2. mistake-bound - split into b processes which each fail with probability at most $$\delta / b$$

• questions

1. sample complexity - how many training examples needed to converge

2. computational complexity - how much computational effort needed to converge

3. mistake bound - how many training examples will learner misclassify before converging

• must define convergence based on some probability

### 5.9.3.1. PAC - probably learning an approximately correct hypothesis - Mitchell¶

• want to learn C

• data X is sampled with Distribution D

• learner L considers set H of possible hypotheses

• true error $$err_d (h)$$ of hypothesis h with respect to target concept c and distribution D is the probability that h will misclassify an instance drawn at random according to D.
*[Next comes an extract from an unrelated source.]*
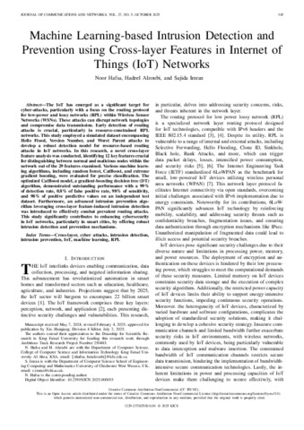 Hafsa, N., Alzoubi, H. and Imran, S. (2025) Machine learning-based intrusion detection and prevention using cross-layer features in Internet of Things (IoT) networks. Journal of Communications and Networks. pp. 1-14. ISSN 1976-5541

• $$err_D(h) = \underset{x\in D}{Pr}[c(x) \neq h(x)]$$

• getting $$err_D(h)=0$$ is infeasible

• PAC learnable - consider concept class C defined over set of instances X of length n and a learner L using hypothesis space H

• C is PAC-learnable by L using H if for all $$c \in C$$, distributions D over X, $$\epsilon$$ s.t. 0 < $$\epsilon$$ < 1/2 $$\delta$$ s.t. $$0<\delta<1/2$$, learner L will with probability at least $$(1-\delta)$$ output a hypothesis $$h \in H$$ s.t $$err_D(h) \leq \epsilon$$

• efficiently PAC learnable - time that is polynomial in $$1/\epsilon, 1/\delta, n, size(c )$$

• probably - probability of failure bounded by some constant $$\delta$$

• approximately correct - err bounded by some constant $$\epsilon$$

• assumes H contains hypothesis with artbitraily small error for every target concept in C

### 5.9.3.2. sample complexity for finite hypothesis space - Mitchell¶

• sample complexity - growth in the number of training examples required

• consistent learner - outputs hypotheses that perfectly fit training data whenever possible

• outputs a hypothesis belonging to the version space

• consider hypothesis space H, target concept c, instance distribution $$\mathcal{D}$$, training examples D of c. The versions space $$VS_{H,D}$$ is $$\epsilon$$-exhaused with respect to c and $$\mathcal{D}$$ if every hypothesis h in $$VS_{H,D}$$ has error less than $$\epsilon$$ with respect to c and $$\mathcal{D}$$: $$(\forall h \in VS_{H,D}) err_\mathcal{D} (h) < \epsilon$$

### 5.9.3.3. rectangle learning game - Kearns¶

• data X is sampled with Distribution D

• simple soln: tightest-fit rectangle

• define region T so prob a draw misses T is $$1-\epsilon /4$$

• then, m draws miss with $$(1-\epsilon /4)^m$$

• choose m to satisfy $$4(1-\epsilon/4)^m \leq \delta$$

### 5.9.3.4. VC dimension¶

• VC dimension measures capacity of a space of functions that can be learend by a statistical classification algorithm

• let H be set of sets and C be a set

• $$H \cap C := \{ h \cap C \: \vert h \in H \}$$

• a set C is shattered by H if $$H \cap C$$ contains all subsets of C

• The VC dimension of $$H$$ is the largest integer $$D$$ such that there exists a set $$C$$ with cardinality $$D$$ that is shattered by $$H$$

• VC (Vapnic-Chervonenkis) dimension - if data is mapped into sufficiently high dimension, then samples will be linearly separable (N points, N-1 dims)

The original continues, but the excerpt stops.